DEV Community

Siarhei
Siarhei

Posted on

From Bolt.new to Production: How I built a React Native app using Copilot and MCP.

When my son was born, my life changed completely. Like any new parent, we needed a way to track sleep, feeding, and diapers. There are a million apps for this, but I wanted something ours. Private, simple, and tailored exactly to what my wife and I needed.

But more than that, I made a challenge to myself: Can I build a full-stack mobile app solo, using all these new AI tools?

I decided to "vibe code" it. No big team, no over-engineering—just me, AI, and a goal.

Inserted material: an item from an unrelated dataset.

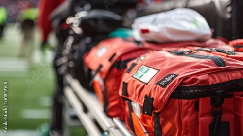 Obraz premium A detailed shot of the first aid kits stationed throughout the stadium for...
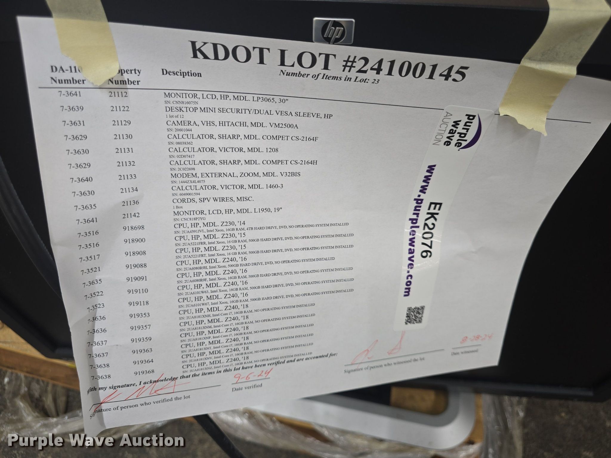 Purple Wave is selling a used Electronics in Kansas. This item is a Electronics with the following: (13) HP CPUs, Hard drives have been reformatted and no operating system installed, (2) Sharp calculators, (2) Victor calculators, Hitachi VHS camera, (12) HP Dual Vesa sleeves, Zoom modem, (2) HP monitors, Cords, KDOT ID: 24100145

Here is the story of how I built Zaspa.

The "Magic" Start

I’m a developer, not a designer. Usually, this is where I get stuck. But this time, I leaned heavily on AI.

I started with Bolt.new to generate the initial MVP. It was honestly mind-blowing. It didn't just give me code; it generated the entire design system and the initial screens. I had a working visual prototype almost instantly.

For the splash screens and icons, I didn't hire anyone. I ran Flux (an image generation model) locally on my machine and used ChatGPT to refine the prompts. The result was professional-looking assets for $0.

My wife and I sat down with a simple piece of paper. We listed exactly what features we needed. No Jira, no backlog—just a list on the kitchen table.

The Stack & The Workflow

I went with a stack I could control fully (self-hosted):

  • Mobile: React Native (Expo)
  • Backend: Fastify + MongoDB
  • Web (Landing + Admin): React + Vite
  • Repo: GitHub

I started coding exclusively with Cursor. It was great... until it wasn't. I burned through my fast tokens incredibly quickly. So, I switched to VS Code + GitHub Copilot. And honestly? It surprised me.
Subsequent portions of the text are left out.